Shares of the transportation and logistics giant FedEx (FDX) have underperformed the broader markets this year. Higher operating costs amid a constrained labor market took a toll on its profitability in Q1, and dragged the stock down. I maintain a bullish outlook on FedEx stock.
Uncertainty related to the pandemic continues to pose challenges, though. Notably, FedEx stock is down 9.6% year-to-date. (See FedEx stock charts on TipRanks)
Furthermore, TipRanks’ Hedge Fund Trading Activity tool shows that hedge fund managers reduced their cumulative holdings in FDX by 1.2 million shares in the last quarter. Further, insiders sold shares worth $9.6 million in the past three months.
While FedEx is grappling with network inefficiencies and higher wage rates due to labor constraints, J. Bruce Chan of Stifel Nicolaus sees this as a short-term drag on the company’s financials.
Chan remains upbeat on strong e-commerce demand, and maintained a Buy rating on FedEx stock. However, he lowered his price target to $283 (23.6% upside potential) from $344 to account for the labor cost inflation.

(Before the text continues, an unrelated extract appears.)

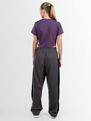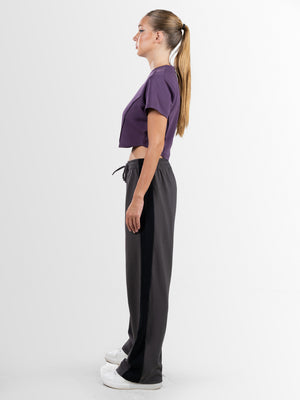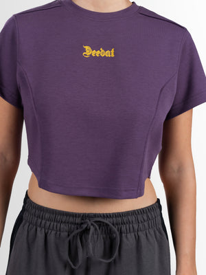 This fashionable cropped t-shirt comes in a vibrant purple color, crafted from high-quality interlock fabric for a soft and comfortable feel. Designed with a classic crew neck and short sleeves, it offers a stylish yet relaxed fit. The plain texture is beautifully enhanced with delicate embroidery, adding a unique touch to the design. Available in size XS, this piece is perfect for a trendy and effortless look.

FedEx’s differentiated portfolio positions it well to capitalize on the growing e-commerce market. The company stated that it continues to strategically invest in its network amid higher e-commerce demand. These investments will likely boost its package volume capacity, enhance speed and service capabilities, and increase efficiency.
While the easing of stay-at-home mandates led to a shift toward in-store shopping, FedEx expects secular e-commerce trends to drive parcel market growth. Further, the increase in shipping rates will help FedEx mitigate the increased costs.
Overall, on TipRanks, FDX stock has an analyst rating consensus of Moderate Buy, based on 18 Buys, five Holds, and one Sells. The average FedEx price target of $311.62 implies 36.1% upside potential to current levels.
Disclosure: On the date of publication, Amit Singh had no position in any of the companies discussed in this article.